Examination of the number of different patterns that each woman reported engaging in revealed that the working-class mothers with lower efficacy were involved in the preschool in more ways than the middle-class mothers. In contrast to the traditional type of volunteer activities, these mothers were less likely to emphasize the formal interactions they had with the teacher, and they were more likely to engage in informal exchanges during the course of dropping off and picking up their children. They were also more involved in schoolwide activities (five working-class mothers and two middle-class mothers).
One factor that may have shaped the involvement of working-class mothers with low efficacy was the support seeking discussed in the previous section. A second factor that seemed to shape the type of interactions the working-class mothers with low efficacy sought at the preschool was a sense of isolation. Margaret described her hope that the preschool would be an opportunity to interact and exchange information with other mothers as well as the teachers:
Because of differing schedules and stuff we're slowly, you know, [seeing friends] less and less.... We are slowly developing relationships with people from school and um that's all that we really have time to do.... The silent auction potluck family picnic was a lot of fun. That was really good. I—I really hope that there is more involvement like that because um it brings everybody together. You know, you get to see other people.

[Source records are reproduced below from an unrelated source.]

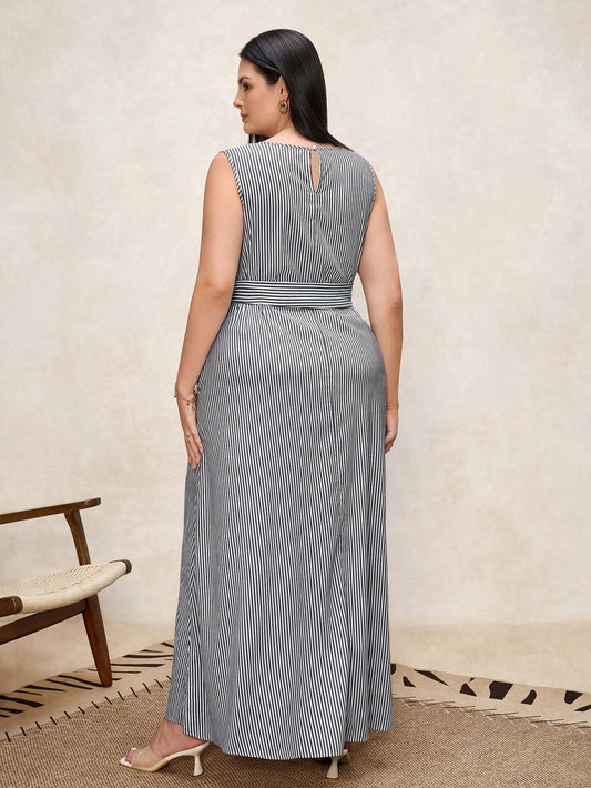 Regular price £19.97 GBPRegular priceUnit price / per£20.77 GBPSale price £19.97 GBPChikora Plus Size Women Linen Striped Round Neck Waist Bow Pocket Sleeveless Loose Casual Dress, Suitable For Various Occasions, Casual, Commute And Travel,Business Casual Woman,Summer Outfits For Women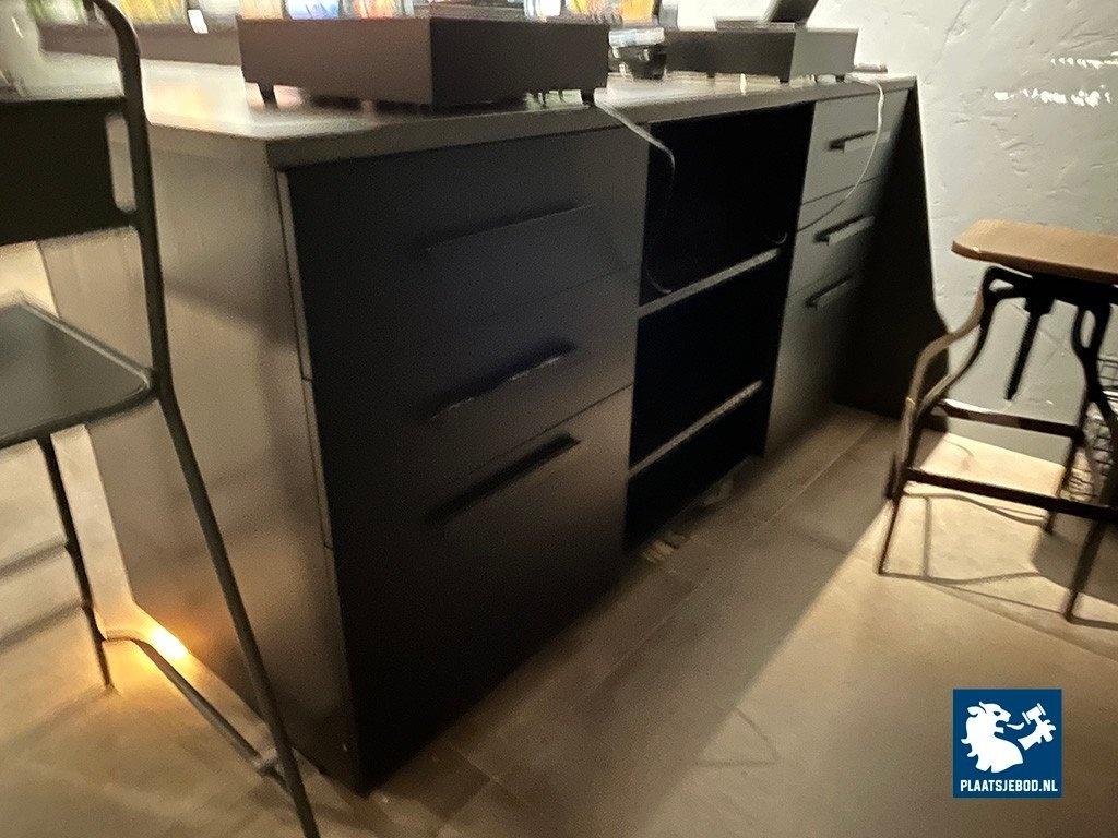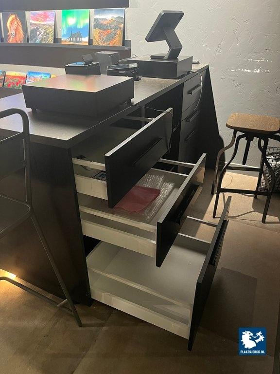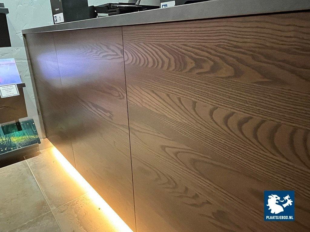 1 x Verkoopbalie, met LED-verlichting, diverse lades en plankjes, donkerbruin, houtfineer, formaat 260 x 90 cm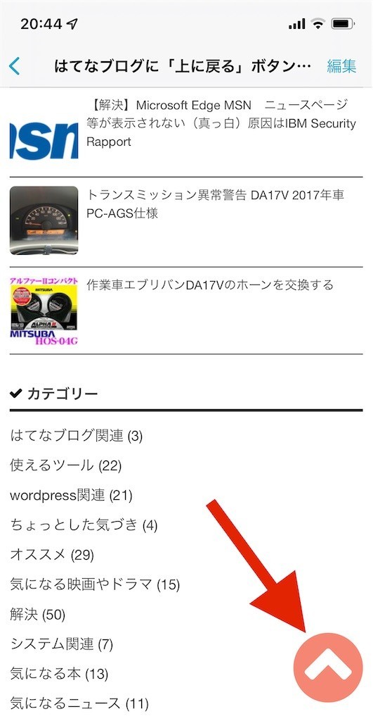 2022-06-04 [快適操作]はてなブログに「上に戻る」ボタンをコピペで簡単に設置する方法 はてなブログ関連 使えるツール 上に戻るボタンをつけてみました。今回は下記のサイトを確認して、その通りにやりました。 こちらのサイトは親切に書かれていますので、十分に適用することが出来ました。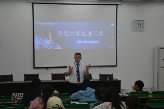 西安天童美语培训中心人事主管介绍公司的成长体系、福利待遇以及为公司毕业生提供好岗位。同时希望更多的优秀毕业生投身教育行业,表达对公司学子投身其岗位的期待。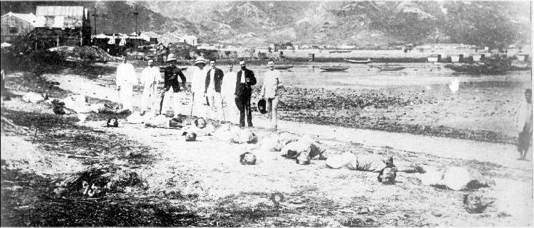 血腥的杀戮场面,义和团民被绑缚即将屠杀,看来,这张照片是在海边的刑场拍摄,推测可能是天津,行刑者则是清朝官府。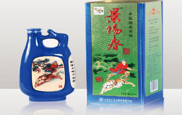 這同樣是一款濃香型白酒的純糧酒,釀酒廠創建自上個世紀70年代。這酒反面是一幅武松打虎的繪畫,相對應的地區恰好是景陽岡,另外還喻意山東人豪爽的喝酒性格。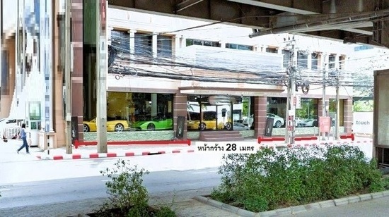 ประตูกระจกกว้างสามารถนำรถขึ้นมาจัดแสดงได้ และมีที่จอดรถรองรับลูกค้า

In contrast, the majority of middle-class mothers with low efficacy made infrequent visits to the classroom, and their main form of school involvement was formal school-initiated conferences. As mentioned above, some of the middle-class mothers indicated that they did not want to interfere with classroom activities or take the teachers away from the children. The middle-class mothers also appeared to have established other types of social connections and sources of support unrelated to the preschool. They described participating in a variety of informal and somewhat more formal activities where they could interact with other parents and their children; for example, five of these mothers had participated in parenting seminars, and five of them talked about arranging and hosting play dates for their children. The working-class mothers with higher efficacy (Liz, Patty, and Maria) were also in the lower involvement category. Like their middle-class counterparts, they did not express a need for support by the teacher or a desire for social interaction—the reasons cited by the working-class mothers with lower efficacy for their frequent classroom visits.

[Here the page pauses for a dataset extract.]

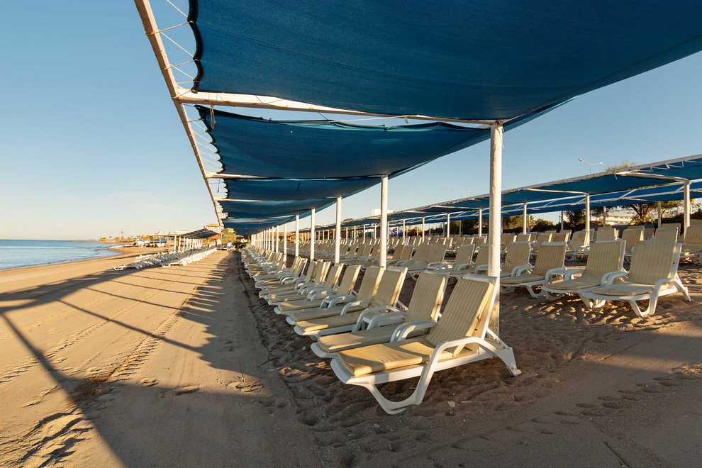 Комплексът разполага със собствен пясъчно-каменист плаж, на 50 м. от хотела. Бар на плажа - безплатно. 3 открити басейна, 1 закрит басейн. На басейна и на плажа чадъри, шезлонги, матраци - безплатно. Плажни хавлии – с карта за плажни хавлии, срещу депозит.

Many quantitative studies have linked levels of parent involvement to family socioeconomic status. Compared to their middle-class counterparts, working-class parents are often found to engage in fewer of the parent involvement activities that teachers value and define as helpful (Lareau, 1989; Stevenson & Baker, 1987; Weiss et al., 2003). In contrast to the somewhat negative portrait that emerges of working-class parents in this early work, this qualitative study provides a complex picture of parent involvement that contradicts this stereotypical view in some important respects.
The first question addressed in this study asked what types of learning activities mothers engaged in at home. The analysis revealed that most mothers were engaged in home learning activities that promoted academic skills. More working-class mothers than middle-class mothers reported they would not pressure their child to learn academic skills at home. By comparison, the middle-class mothers tended to take a more formal approach to learning, linking it with the school curriculum. The finding that working-class mothers were reluctant to pressure their children in home academic activities was somewhat unexpected given that previous studies have tended to find that working-class mothers take a more structured approach to learning than middle-class mothers (Holloway, Fuller, Rambaud, & Eggers-Piérola, 1997; Stipek, Milburn, Clements, & Daniels, 1992).

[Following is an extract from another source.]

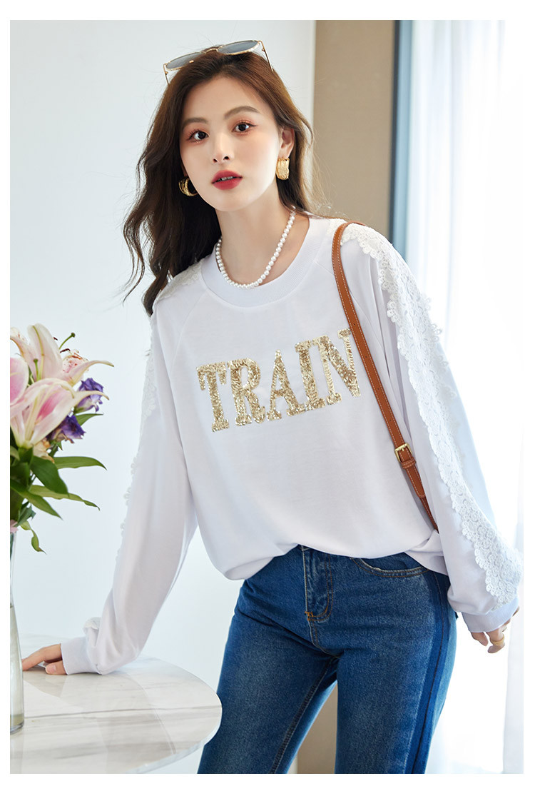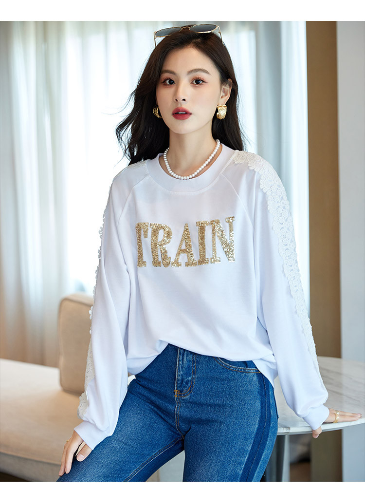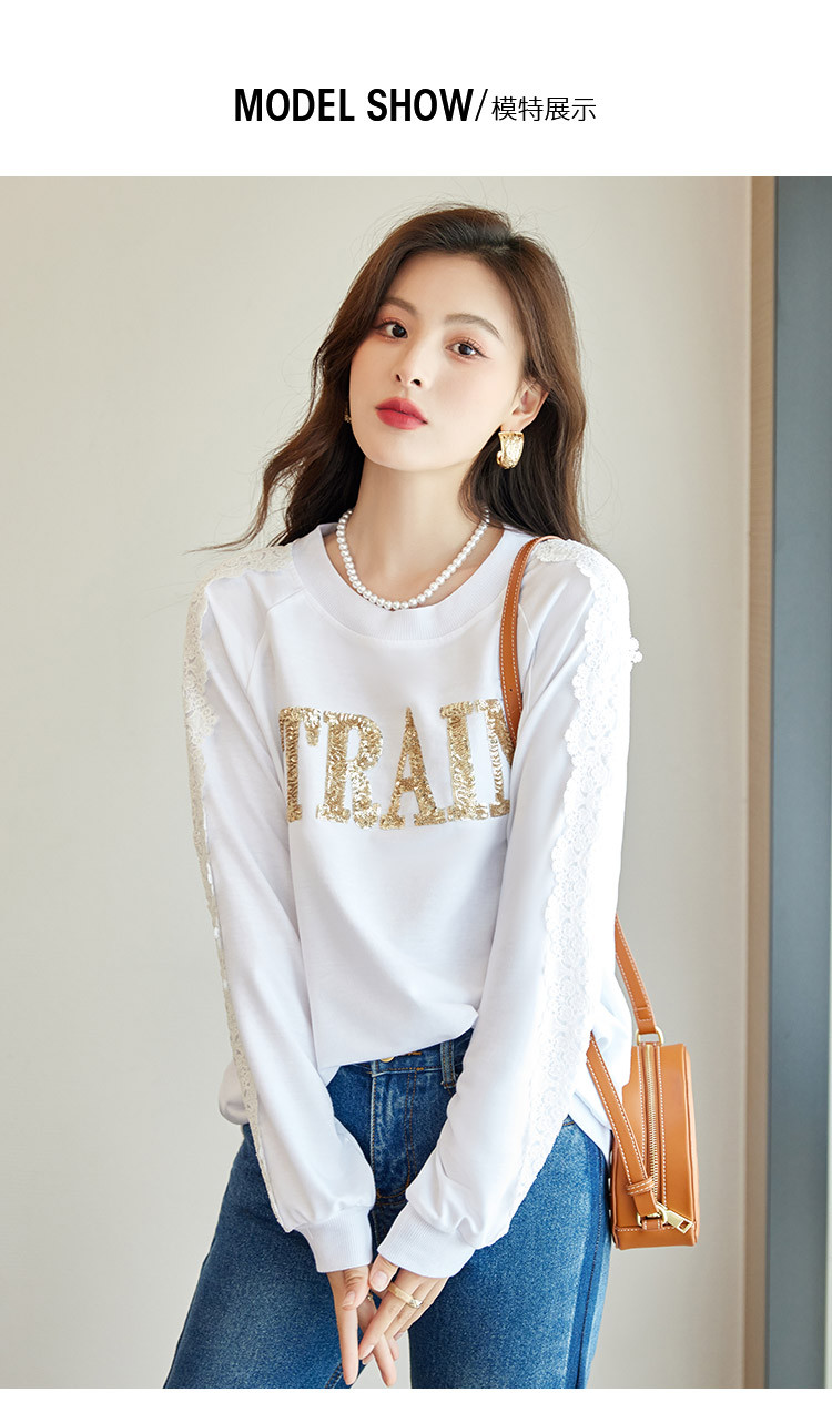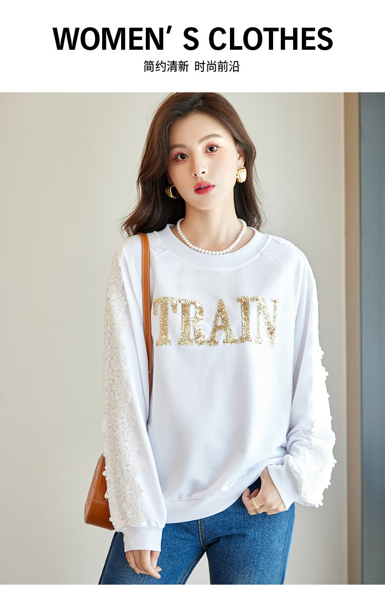 商品名称:【爆款热卖】圆领纯色镂空镶钻蕾丝拼接卫衣女字母印花时尚上衣 448344

It is possible that sociocultural changes are creating a reversal of the patterns that have been observed in earlier studies. The literature suggests that some working-class parents lack skills and knowledge of developmentally appropriate activities to do with their children (Joffe, 1977; Holloway, Fuller, Rambaud, & Eggers-Piérola, 1997). Our data suggest that these working-class parents are aware of what other parents do to prepare their children for school but are worried that their children may develop a dislike for school if they are pressured to engage in learning activities. This finding may represent a change in this group of parents that may have been brought to the fore by the increased focus on developmentally appropriate practice in early childhood education.
The second question focused on mothers' expectations for what their child would gain from attending preschool. Overall, the mothers viewed preschool as a place where their child would gain social skills, and they put less emphasis on academic aspects of preschool. An additional theme that emerged pertained to mothers' expectations of receiving support from teachers in addressing their concerns about discipline. Mothers with lower efficacy expected the preschool to provide structure and discipline for their child. They also used the preschool staff as a source of support and advice in their parenting, whereas the middle-class mothers relied on other sources of support.
The less-efficacious mothers in this sample somewhat resembled those described in the work of Wells-Parker, Miller, and Topping (1990), in that they took the seemingly "passive" coping approach of expecting the preschool to provide discipline and structure for their child. However, upon closer analysis, it became apparent that the low-efficacy working-class mothers' method of coping with the problem was not passive in the sense that they actively solicited support from the teachers. To the extent that they were seeking new strategies for interacting with their children, they could be seen as moving in the direction of higher efficacy. In that sense, they resemble the mothers with high efficacy described by Donovan, Leavitt, and Walsh (1990), who tended to interpret difficulty as a challenge that necessitated greater effort and application of their skills in creative ways.
This analysis suggests that there may be formative periods in the development and maintenance of maternal parenting efficacy. At this point in their development as a parent, these mothers are just beginning to experience the role of parenting a school-age child. Periods of transition where mothers are developing task-specific efficacy are not addressed in the literature. However, the notion of "formative efficacy" aligns with Bandura's (1995) belief that efficacy is changeable. Future work should investigate the notion of formative levels of efficacy in relation to parenting. Specifically, when are the key periods in which self-efficacy forms regarding parenting activities and school involvement? How could this nascent sense of efficacy be best supported by teachers and other professionals?
Future research should also investigate how the amount of social support available to mothers affects their self-efficacy and relationship with staff at their child's school. The working-class mothers in this sample talked about feeling isolated and viewed the preschool as a context for interacting with other mothers. Future studies can establish the prevalence of these social class patterns and continue to examine the way that different forms of social support operate in various socioeconomic groups.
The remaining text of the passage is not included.